Camille Mana  is an American actress.

Career
Camille Mana originated the title role in the World Premiere of Asuncion, a play written by Jesse Eisenberg. She starred opposite Eisenberg and Justin Bartha at The Cherry Lane Theatre in New York. She played the role of Amanda in the West Coast Premiere of 4000 Miles at the American Conservatory Theater.

She will portray Ruby, sister to Mel Bayani (Liza Lapira) on CBS season two of The Equalizer. Mana appears in Lionsgate feature film Scrambled, starring Yvonne Strahovski and June Diane Raphael set to premiere at 2023 South by Southwest festival. She co-stars in Netflix animated feature film as Jing, love interest to Geraldo (Patrick Warburton) in Seal Team opposite JK Simmons, Matthew Rhys, and Kristen Schaal. 

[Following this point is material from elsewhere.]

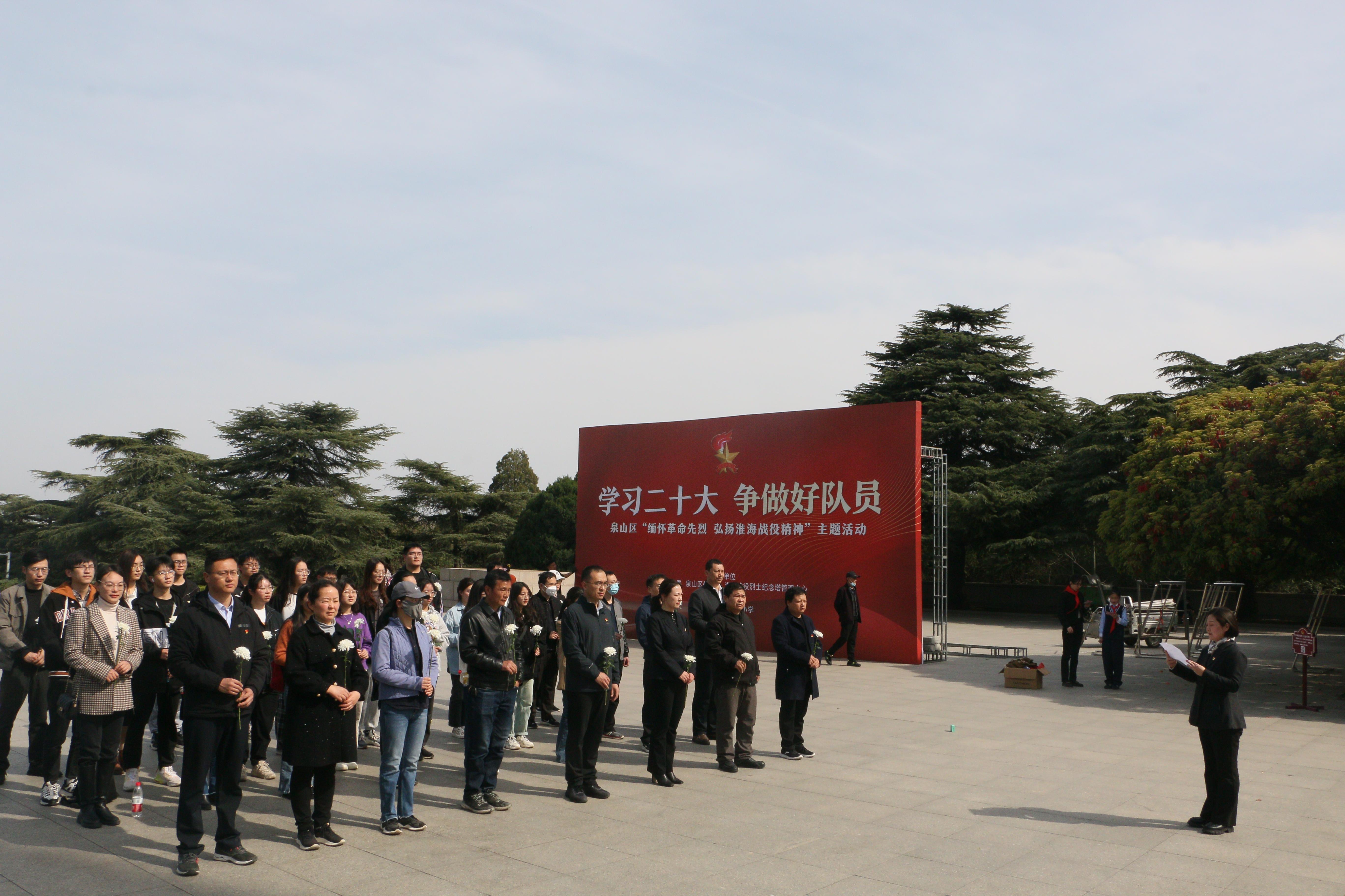 在雄伟庄严的淮海烈士纪念塔前,全体师生党员怀着沉重的心情为革命烈士默哀致敬,绕塔一周,驻足瞻仰塔基上的浮雕和回廊上的烈士名录,在肃穆中回望那段峥嵘岁月。

Mana appeared in the Miramax Films dramedy Smart People playing Missy Chin which premiered at Sundance and co-starred in the MGM teen comedy film College. She got her first major role as Lisa on the sitcom One on One starring Kyla Pratt during the fifth and final season. She can be seen in feature films including Cake, Norman, High School, All I Want, and Speed-Dating. She portrayed Rose Castillo, a victim of an Asian-American hate crime on NBC drama New Amsterdam. 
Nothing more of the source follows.